Chinese and US spy planes have close encounter over South China Sea
US Navy aircraft alters course to avoid collision
A rare close encounter between two surveillance planes from China and the United States near a disputed part of the South China Sea this week suggests Beijing has started routine surveillance patrols in the area, analysts say.
Instead of intercepting the surveillance aircraft with fighter jets, analysts said both sides had been restrained, although the incident also raised questions about the readiness of Chinese airstrips on reclaimed islands nearby.
The two military planes came “inadvertently” close on Wednesday near the disputed Scarborough Shoal in what US Pacific Command officials described as an “extremely rare” and “unsafe” incident, the US Navy Times reported. The two planes, a US Navy P-3 Orion aircraft and a Chinese KJ-200 airborne early warning aircraft, flew within 305 metres of each other in the general vicinity of Scarborough Shoal, it reported on Thursday. It said the US plane altered course to avoid a collision.
An unnamed Chinese defence official was quoted by the Global Times as saying that the American plane “approached within close proximity” of the Chinese plane, which was on a routine mission, and that the Chinese pilot took “legal and professional measures” to handle the situation.

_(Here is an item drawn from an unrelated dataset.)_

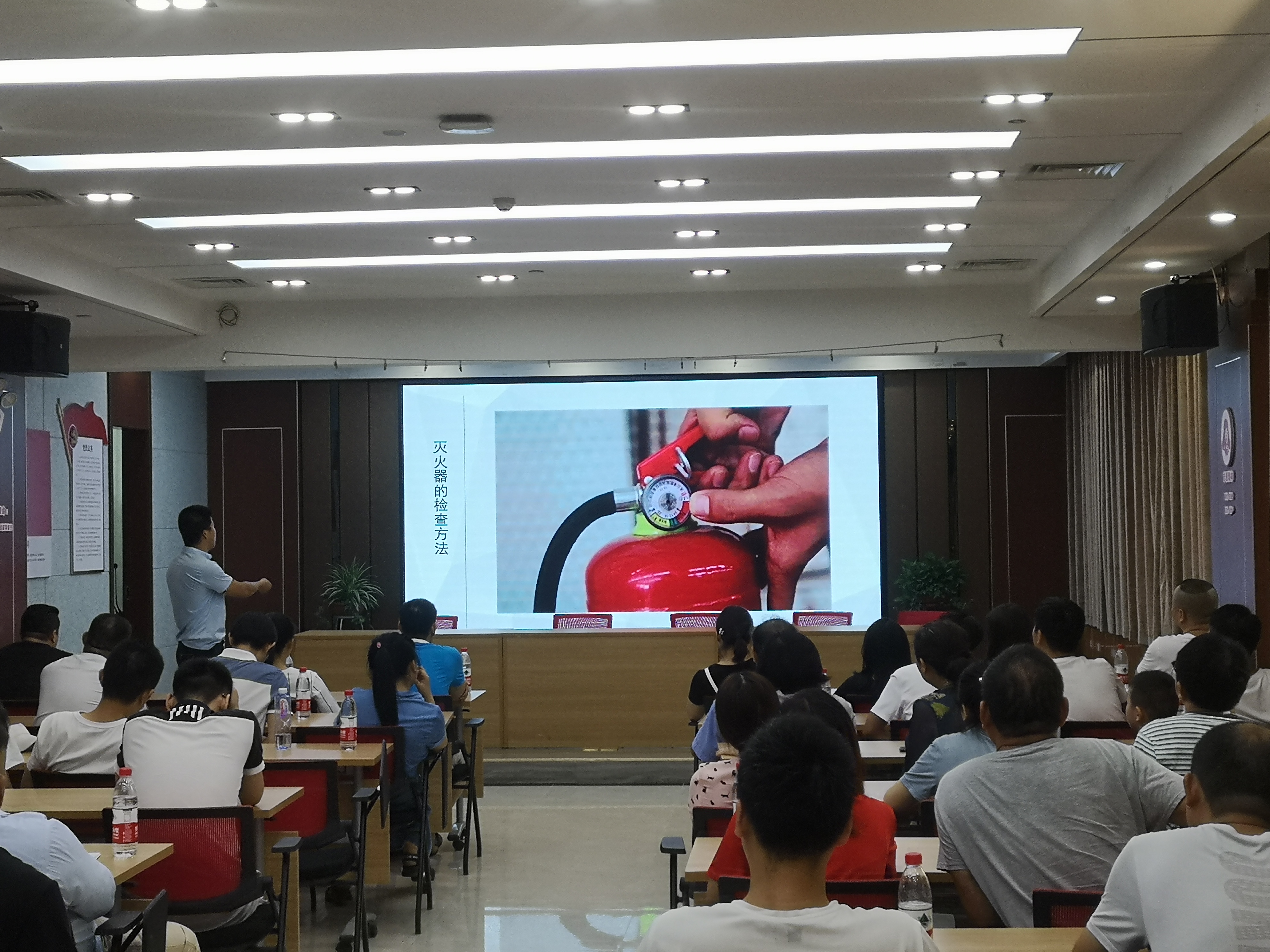 本次消防演练很荣幸邀请到了辖区泛海消防中队的教官给公司员工进行了一场安全消防知识科普讲座。消防教官利用以往案例让我们对“火灾当中,切记不要贪恋财物!生命只有一次!”这句话有了深刻地体会。教官在讲座上教导我们在火灾刚发生时,正确判断火势大小,如何在火势较小时正确扑灭火源。
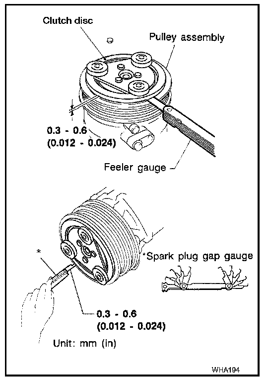 Clutch disc-to-pulley clearance : 0.3 - 0.6 mm (0.012 - 0.024 in)

Military experts in China said the Chinese response had been restrained.
Ni Lexiong, a Shanghai-based naval expert, said the decision to deploy a surveillance aircraft showed China was “testing and observing” US behaviour in the South China Sea early in US President Donald Trump’s term.
“China didn’t want to cause too much trouble,” he said. “It wanted to play it safe ... and avoid dramatic action.”
Macau-based military observer Antony Wong Dong said the encounter between the two planes suggested the People’s Liberation Army may have already established routine air surveillance in the region. Meanwhile, the fact the PLA had not scrambled fighter jets to intercept the US plane could be a hint that airstrips on man-made islands built by China in the Spratlys might be not fully functional.
“A Chinese fighter jet will almost run out fuel when it flies from Hainan to Scarborough Shoal, making it unable to fly back unless accompanied by a tanker,” Wong said. The encounter with the KJ-200, which could fly longer and farther, “hinted the airstrips on the man-made islands might not be ready for Chinese fighter jets to do take-offs or landings”, he said.
A US navy official was quoted by CNN as saying such incidents were “extremely rare”, noting that there were only two last year and none in 2015. It was the first such instance this year.
In 2001, a collision between a US EP-3 Aries and a Chinese fighter jet near Hainan Island resulted in the death of a Chinese pilot.